There has been some criticism against Isaacson's book, some going as far as suggesting that Steve Jobs picked the wrong guy to write his biography, pointing out that Isaacson, who is not a tech journalist, shows no interest in educating himself or the reader about this industry and the technology, resulting is somewhat sloppy and lazy reporting, which would not matter that much if this was just about one book out of many instead of an historic opportunity to get the story straight from the notoriously tight-lipped (and now forever closed) horse's mouth. I think it is more of a case of John Siracusa having picked the wrong book, and that the book we really want about the second coming can still be written, with extended input from folks like Avie Tevanian, Jonathan Rubinstein, Tony Fadell, Scott Forstall, and a certain Knight Commander of the Most Excellent Order of the British Empire.
So what we get instead is what could be expected of a biography: it concerns itself mostly with Steve Jobs as a person, and I think it is worth a read for that. If nothing else, it made me interested in the upcoming biopic. You may want to wait for a second edition though, as the editing feels a bit rushed and Isaacson may have some more material to add (he admits to having redacted some information about future Apple products, and says he also wants to write about the popular reaction to Jobs' passing).
Some interesting tidbits from the book (only funny ones, not one of the many sad or depressing examples that show what a terrible person Jobs could be):
- Steve Jobs would run around bare-footed, and his colleagues, already annoyed by having to look at his dirty feet on the meeting table, were not happy to learn that he would stick them in the toilet to relax.
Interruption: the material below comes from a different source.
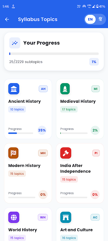 این یک برنامه برنامه درسی همه در یک است که برنامه درسی مفصل با موضوعات خرد🥳 را به انگلیسی و हिन्दी برای امتحان cse upsc ارائه می دهد، مانند: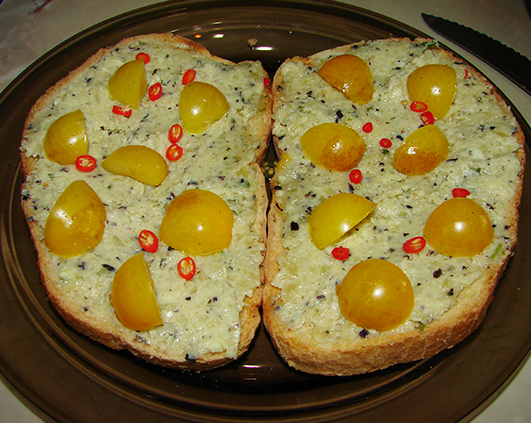 Niste paine prajita, asezonata cu ultimele rosioare si niste ardei iute si gata micul dejun cu aroma de vara.

- For three years, Jobs was in a relationship with Joan Baez, which must have been curious as Bob Dylan was one of his heroes.
- At a birthday party Yoko Ono was hosting for her nine-year-old son Sean Lennon, Andy Warhol and Keith Haring were so exited about the Macintosh computer that Steve Jobs had brought as a gift that they insisted they go over to Mick Jagger's house and show it to him as well (pretty high name-dropping-per-sentence ratio right there).
- Homer Simpson's mother is named after Steve Jobs' sister.
- Andy Hertzfeld (software engineer on the original Mac team) seems to be a genuinely nice guy.